The Potential for Chlorine Activation in Continental Environments and from Urban Grime Surfaces

EMMA MCLAY, Yao Yan Huang, D. James Donaldson, Trevor VandenBoer, York University

     Abstract Number: 180
     Working Group: Aerosol Chemistry

Abstract
Atmospheric chlorine radicals can play a role in atmospheric oxidation pathways that may lead to ozone and secondary organic aerosol (SOA) production. Their importance derives from their reaction rates which exceed those of hydroxyl radicals by 1-2 orders of magnitude. Nitryl chloride (ClNO₂), a well-known precursor to chlorine radicals, is largely understood to come from heterogeneous reaction of chloride-containing surfaces with N₂O₅, but these are predominantly limited to aerosols with sea-salt influence, despite the observed presence of ClNO₂ in continental areas free of sea-salt aerosol. This work aims to understand heterogeneous ClNO₂ chemistry in continental areas and on non-aerosol surfaces, like urban grime, the chemically complex films found on impervious urban surfaces.

Analysis of publicly available particulate matter ionic composition data from Canadian continental locations (Etobicoke, Saskatoon, Quebec, and Montreal) revealed ubiquitous depletion of chloride with correlation of nitrate and the sodium-chloride difference (‘missing chloride’). This implies displacement of chloride by nitrate through some mechanism, which is enhanced during wintertime when road salts are applied.

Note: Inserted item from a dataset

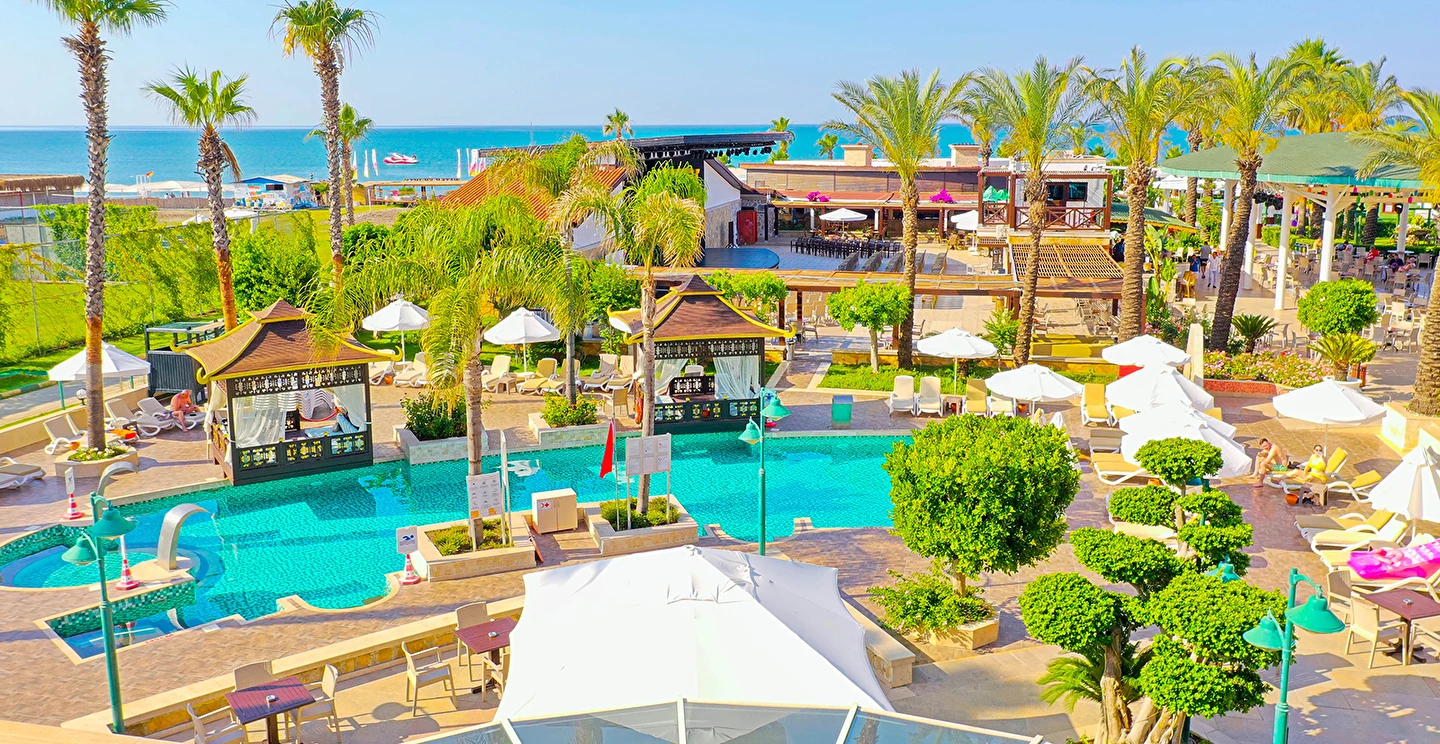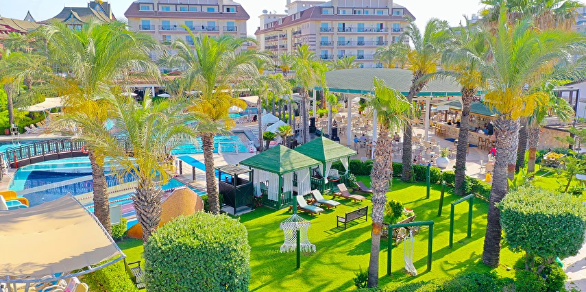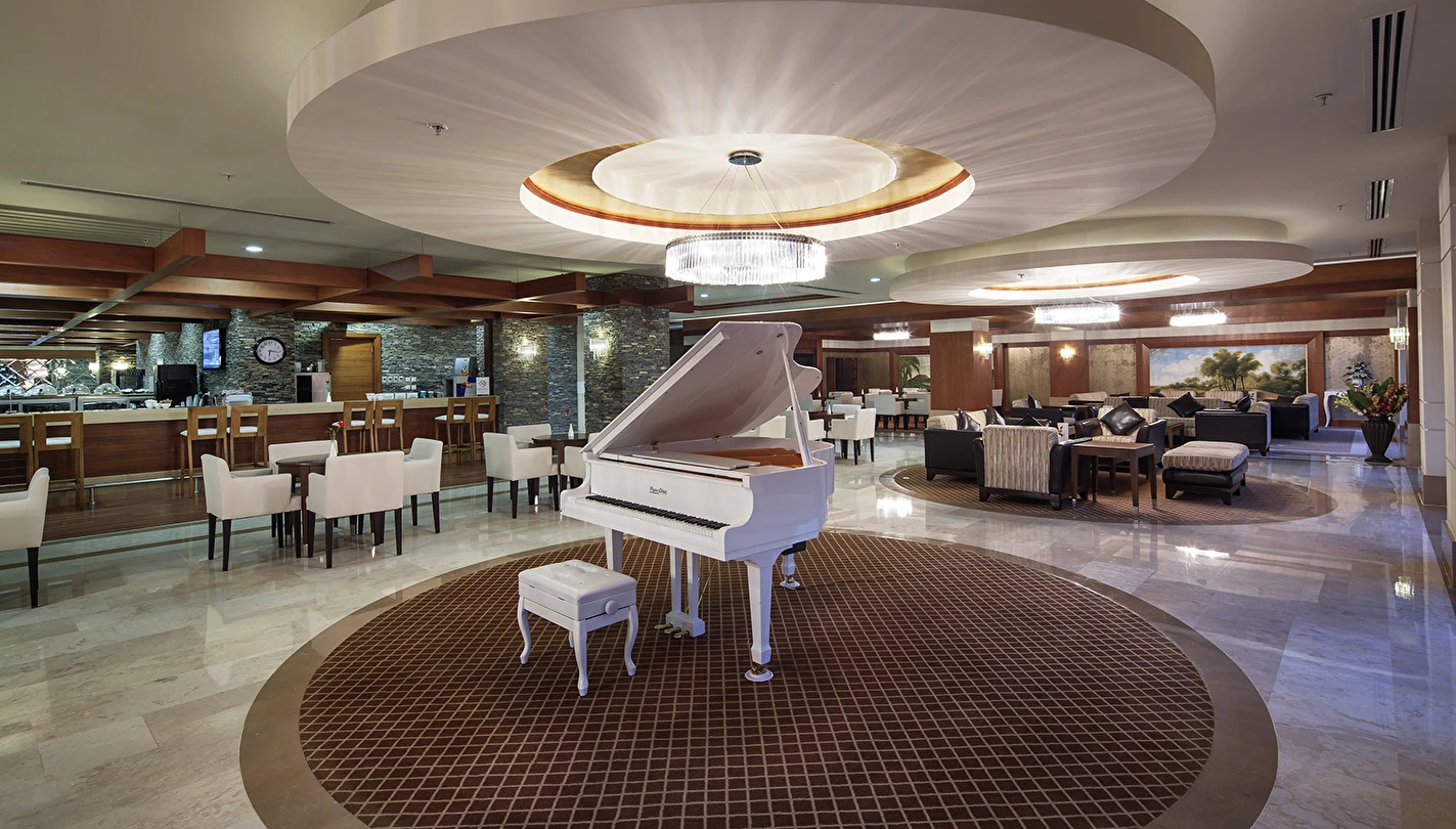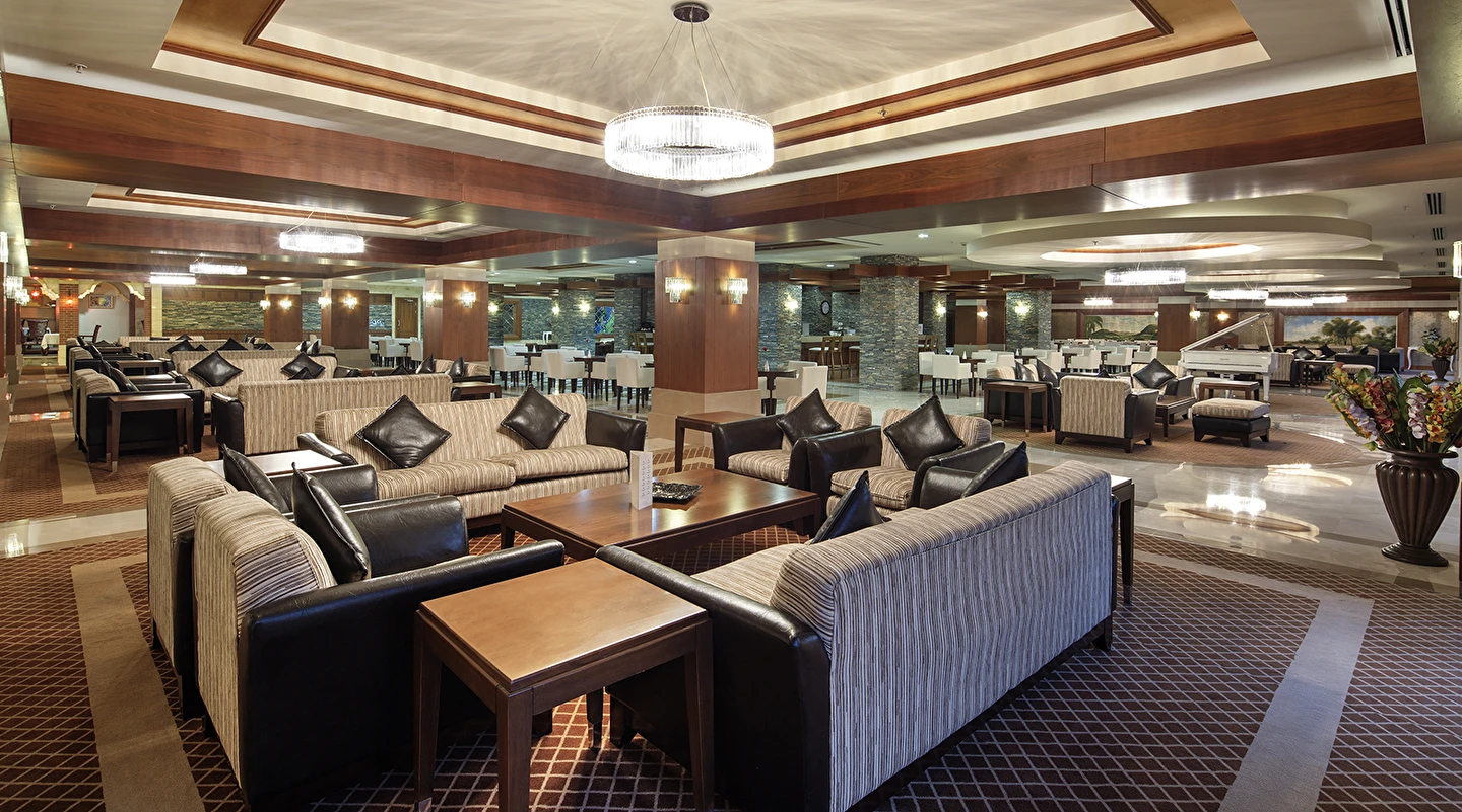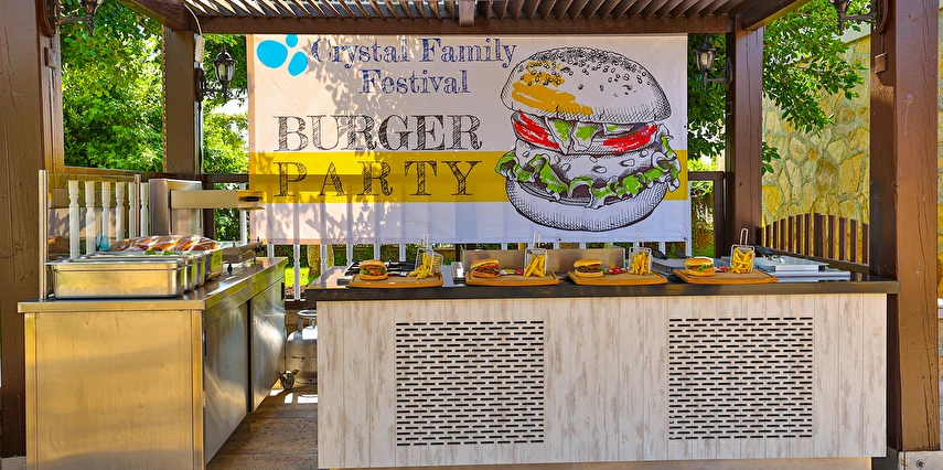 Sabah kahvaltısı, öğle ve akşam yemekleri açık büfe olup tesisin belirlediği markalar dahilinde yerli alkollü ve alkolsüz içecekler 24 saat ücretsizdir. Uluslararası yöresel kahveler ücretsizdir. Taze sıkılmış Sebze, Meyve Suları ve Enerji içecekleri, Tüm şişeli alkollü ürünler, tüm özel yerli-yabancı şaraplar ve şampanyalar, alkollü Premium içkiler (10 ve 12 yıllık ve üstü VSOP, XO Konyaklar), Alakart Restoranlarda tüm şarap, şampanya ve özel yemek siparişleri ekstra ücret ile servis edilmektedir. (Sofra Şarabı Hariç)

Similarly, in a study of urban grime samples from three continental locations in Ontario, evidence for such displacement was also found, but only for one location (Toronto) and with reversed seasonality. This prior work inspired a concerted field campaign in February 2024 in Toronto where urban grime and size-resolved aerosol samples were collected simultaneously, targeting road salt influence, in addition to summertime collection of size-resolved aerosols for comparison. Ionic composition of both sample types will be determined and compared. Direct reaction of N₂O₅ with the urban grime samples in a coated-wall flow tube reactor will be conducted to probe any ClNO₂ production. This presentation will explore Cl-reservoirs and ClNO₂ production from aerosol and non-aerosol surfaces in environments that are currently lacking study, providing additional insight into broader chlorine chemistry that can contribute to atmospheric oxidation.